The evaluation dataset has to go through the same preprocessing as the training data. We impute missing values with the median and create the BAV column, then select the important X values to feed into the model m4.
edf <- read.csv(paste0(path, 'moneyball-evaluation-data.csv'))
names(edf) <- gsub('TEAM_', '', x=names(edf))
edf <- edf %>%
mutate_all(~ifelse(is.na(.), median(., na.rm = TRUE), .)) %>%
mutate(BAV = BATTING_H / (BATTING_H + BATTING_2B + BATTING_3B + BATTING_HR)) %>%
select(low_pvals[1:5])
edf$TARGET_WINS <- predict(m4, edf)
glimpse(edf)
## Rows: 259
## Columns: 6
## $ BATTING_H <int> 1209, 1221, 1395, 1539, 1445, 1431, 1430, 1385, 1259, 1397…
## $ BATTING_2B <int> 170, 151, 183, 309, 203, 236, 219, 158, 177, 212, 243, 239…
## $ BASERUN_SB <dbl> 62, 54, 59, 148, 92, 92, 365, 185, 150, 52, 64, 48, 31, 27…

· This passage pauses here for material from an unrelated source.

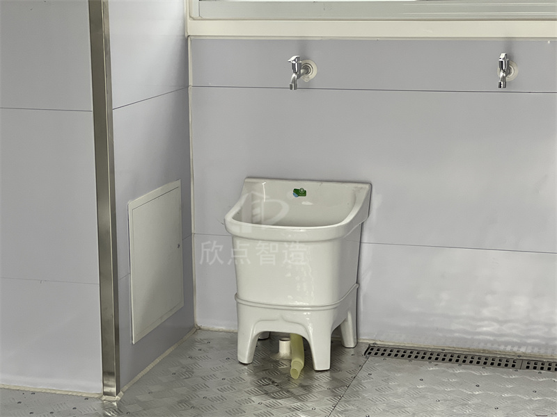 垃圾房內部配置:拖把池、不銹鋼水龍頭、排水溝

## $ FIELDING_E <int> 140, 135, 156, 124, 616, 572, 490, 328, 226, 184, 200, 150…
## $ BAV <dbl> 0.8086957, 0.8200134, 0.8205882, 0.7558939, 0.8396281, 0.8…
## $ TARGET_WINS <dbl> 67.86022, 68.51494, 76.52813, 87.43947, 67.23702, 66.36193…
Comparing statistics from the known TARGET_WINS to the predicted TARGET_WINS
summary(df$TARGET_WINS)
## Min. 1st Qu. Median Mean 3rd Qu. Max.
## 0.00 71.00 82.00 80.79 92.00 146.00
summary(edf$TARGET_WINS)
## Min. 1st Qu. Median Mean 3rd Qu. Max.
## 28.59 76.44 81.29 80.48 85.83 111.71
Our predicted values have a similar mean and IQR range; however the min and max vary. This is still kind of surprising because the model had an adjR2 of 0.28 which isn’t very good but still captured enough of the relationship between X~y to make reasonable predictions on the evaluation set.